Sexual aggression is a serious problem worldwide. In North America one-fifth to one-third of women consistently report victimization experiences, and recent research suggests similar numbers for men. Sexual aggression leads to a variety of negative psychological, health, and economic consequences and has been linked to various problematic cognitive variables including conformity to gender role norms, attitudes toward violence and coercion, beliefs about sexual consent, and others. These variables are shaped and maintained by culture. We explored whether the strength of associations between these variables and indicators of sexual aggression varied between Latinx and White non-Hispanic individuals.

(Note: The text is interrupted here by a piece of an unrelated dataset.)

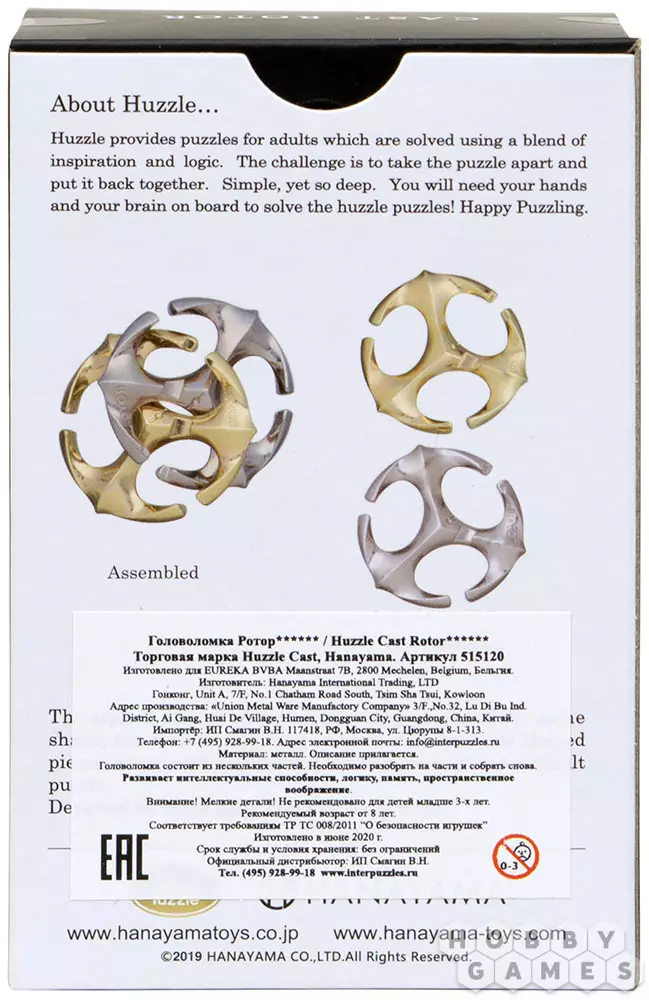 Линейка Huzzle Cast от японской компании Hanayama – это качественные металлические головоломки высокого уровня сложности, которые могут послужить отличным подарком как увлечённому фанату головоломок, так и просто человеку с пытливым умом. Чтобы решить головоломку, вам надо сначала разобрать её, а потом собрать. Причудливые формы и конструкции тщательно продуманы профессиональными создателями головоломок из стран всего мира и опираются на математические расчёты и законы физики.

An online survey was administered to students from (a) a Hispanic Serving Institution in the US-Mexico border region (N=619) and (b) a university in the northeastern US (N=355). Sixty percent reported Latinx heritage and 33% white non-Hispanic ethnicity. The sample was 27.7% male, 71.8% female, and 0.5% non-binary or not reported.

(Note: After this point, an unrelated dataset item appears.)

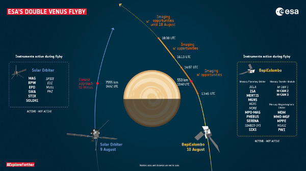 A Solar Orbiter augusztus 9-én világidőben (UT) 4:42-kor éri el mostani legnagyobb közelségét, 7995 km-t. A hintamanőver célja, hogy a szonda Nap körüli pályájának hajlásszögét megemelje az ekliptikai síkhoz képest. Így a Solar Orbiter egyre inkább „felülről” is képes lesz központi csillagunk megfigyelésére. Az európai és japán együttműködésben készült BepiColombo augusztus 10-én 13:48 UT-kor még kisebb távolságban, mindössze 550 km-re repül el a Vénusz felszíne fölött. A szonda végső célja a legbelső bolygó, a Merkúr körüli pályára állás, amihez a Föld, a Vénusz és maga a Merkúr körüli gravitációs lendítő manőverek sorozatát illesztették a repülési programba.

Aggression-related variables included acceptance of interpersonal violence, belief in scripted refusal, belief in the opposite sex as fundamentally unknowable and fundamentally other, callous sexual attitudes, and adversarial relationship beliefs. Sexual aggression and coercion were assessed with items derived from Malamuth’s (1988) attraction to sexual aggression scale and Knight’s (2013) agonistic continuum. Additionally, measures of conformity to gender roles were administered.
Using regression analysis and structural equation modeling we compared the strength of relationships between sexual aggression/coercion and aggression-related variables in Latinx versus white non-Hispanic participants. Implications for future research will be discussed.